HiSparse Boosts Large Language Model Throughput for Massive Contexts
- •HiSparse overcomes GPU memory bottlenecks in long-context LLMs using hierarchical memory management
- •System achieves up to 3x higher throughput compared to standard sparse attention methods
- •New architecture enables concurrent processing of massive request batches by offloading inactive data
Scaling Large Language Models (LLMs) to handle vast amounts of text—often called 'long context'—introduces a major technical hurdle: the dreaded 'memory wall.' As a model reads more information, the cache that stores its 'memory' (the KV cache) grows rapidly, quickly consuming all available GPU memory. This limits how many concurrent requests a server can handle before performance grinds to a halt. The research team behind HiSparse has introduced a clever solution that treats memory like a library system, moving inactive data out of the fast-access 'hot' memory and into secondary storage.

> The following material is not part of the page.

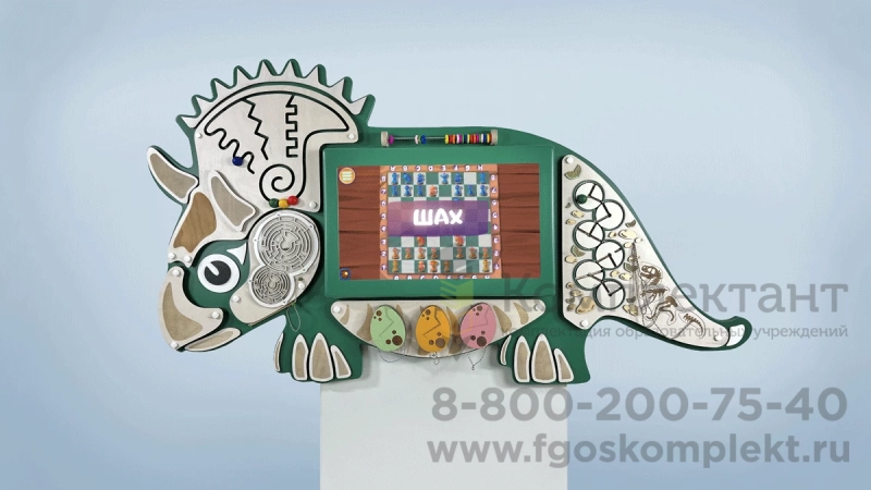 Все дети любят динозавров, в них есть что-то таинственное, древнее, фантастическое. Именно по этому мы разработали интерактивный бизиборд Динозавр Визи.
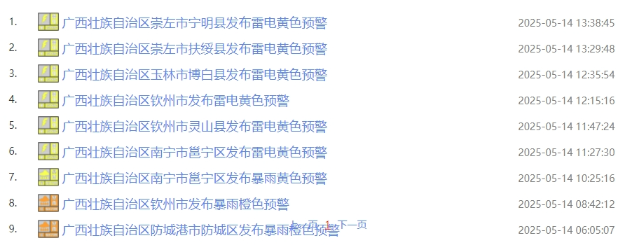 截至5月14日,廣西多地發佈雷電預警、暴雨預警。圖源:中國天氣廣西站

At its core, HiSparse implements a hierarchical memory architecture. Instead of forcing the entire memory cache to reside on the expensive, high-speed GPU hardware, the system intelligently offloads data that isn't being immediately used to the host memory. This allows the GPU to focus only on the most critical, frequently accessed segments of the cache. By minimizing the amount of data cluttering the GPU's immediate workspace, HiSparse drastically reduces the 'memory pressure' that usually causes performance bottlenecks.
What makes this approach particularly effective is its specialized swap-in kernel. When the model needs a piece of information that has been moved to host storage, this kernel quickly identifies the missing data and fetches it back into the high-speed buffer. The researchers implemented this with an 'Least Recently Used' (LRU) policy, which prioritizes keeping the most relevant information close at hand while discarding or offloading older, less useful data. This logic ensures that the system doesn't spend too much time constantly moving data back and forth, which would otherwise negate the speed benefits.
The results are striking when applied to high-concurrency environments. For developers and researchers managing massive workloads, HiSparse delivers nearly linear throughput scaling, meaning the system can handle significantly more simultaneous users as the context length grows. Benchmarks using models like GLM-5.1-FP8 showed up to 5x throughput improvements under demanding conditions. As we move toward a future where AI systems need to digest entire books or massive codebases in real-time, innovations like HiSparse will be essential for keeping our infrastructure efficient and scalable.